I. Fixing Pollution, Moving Pollution: The Coming of Acid Rain

Start by noting the relative success of government legislation and regulation in dealing with several aspects of 1960s pollution: auto emissions fell; DDT was banned by EPA in 1972 and declined; water pollution down.

But, crucially: solving pollution in one place sometimes means simply moving it elsewhere.

Note the high smokestack solution to local air pollution: move to upper atmosphere, hope it will be dilluted there, where it will also be transported downwind. Famous early (1963) study of air pollution from the iron-sintering plant near Wawa, Ontario serves as a classic example.

Acid rain, which became an object of public controversy in the 1980s, is a useful example of the interregional transport of pollutants, resulting from several converging factors:

  • midwestern coals from Ohio, Illinois, Indiana, Kentucky are naturally high in sulfur, and the energy crisis of the 1970s led to increases in their use in midwestern factories and power plants;
  • tall smokestacks injected sulfur dioxide and nitrous oxide pollutants higher into atmosphere;
  • these combined with atmospheric moisture to form sulfuric and nitric acid;
  • then carried by prevailing winds to be deposited as acid fog or rain on lakes and trees in the northeastern U.S. and eastern Canada;
  • areas where bedrock and soils didn't neutralize acidic deposition (granites, basalts, other igneous and metamorphic rocks as opposed to sedimentary limestones) saw a long-term decrease in pH in lakes (some Adirondack lakes especially vulnerable);
  • increased mortalities for fish populations;
  • damage especially to coniferous forests at high elevations.

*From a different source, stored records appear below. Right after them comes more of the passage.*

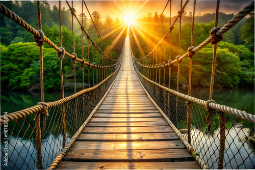 © Butsarakham, Obraz premium A bridge with a rope bridge over a river. The bridge is surrounded by trees and the sun is shining on it
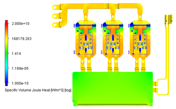 Within the formulation of this 3D simulation, the resulting system temperature levels are a combined effect of electronic component power dissipation, Joule heating and boundary conditions including the coolant temperature and flow rate, and the ambient conditions. Evaluating these temperature levels in various steady-state and transient load conditions serves to validate that all components remain within their specification for the operating conditions.
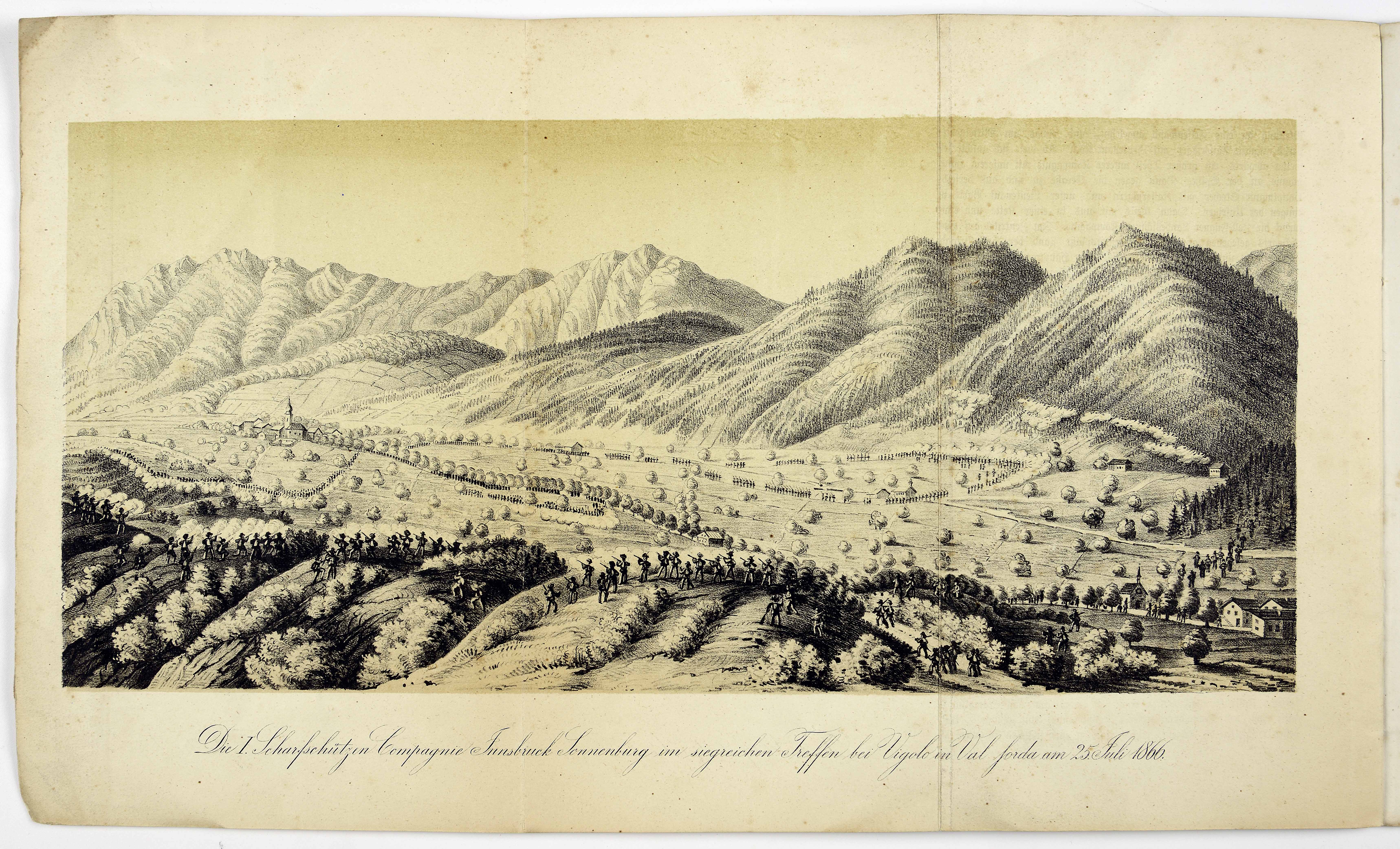 Litografia; 167x362 mm. Pubblicata in Erlebnisse der ersten freiwilligen Scharf-Schützen-Kompagnie Innsbruck-Sonnenburg 1866, Innsbruck, Vereins-Buchdruckerei, 1867

Acid rain became a major political cause in Canada, which had taken more aggressive steps to address the problem than US, causing considerable diplomatic friction between the two countries (but note also the benefit for Quebec hydropower from increasing costs of midwestern electricity, creating incentive to transport power across the border).

Acid rain can thus serve as a symbol of the difficulty of solving pollution, the ease with which problems can be move elsewhere, resulting in ordinary landscapes becoming toxic in unexpected ways: what one tries to throw away often returns to haunt one in new guises.

Acid rain and its impacts on Central European forests (including Germany's famed Black Forest) played significant roles in the rise of the Green Party in Germany in the 1980s.

For further details and subsequent regulatory history, see
https://en.wikipedia.org/wiki/Acid_rain

II. Hiding Pollution: Long-Term Toxicity at Love Canal & Times Beach

Notorious early episode of toxic pollution brought this issue to national prominence at Love Canal, just downstream from Niagara Falls. For a summary of this story, see
https://en.wikipedia.org/wiki/Love_Canal
https://www.nyheritage.org/collections/love-canal-images
http://library.buffalo.edu/specialcollections/lovecanal/ (impressive online archive, including many images)

1890s: William T. Love sought to construct a power canal to attract industry to his new development in Niagara Falls, NY, at a development he called Model City. It failed, leaving behind the abandoned canal site.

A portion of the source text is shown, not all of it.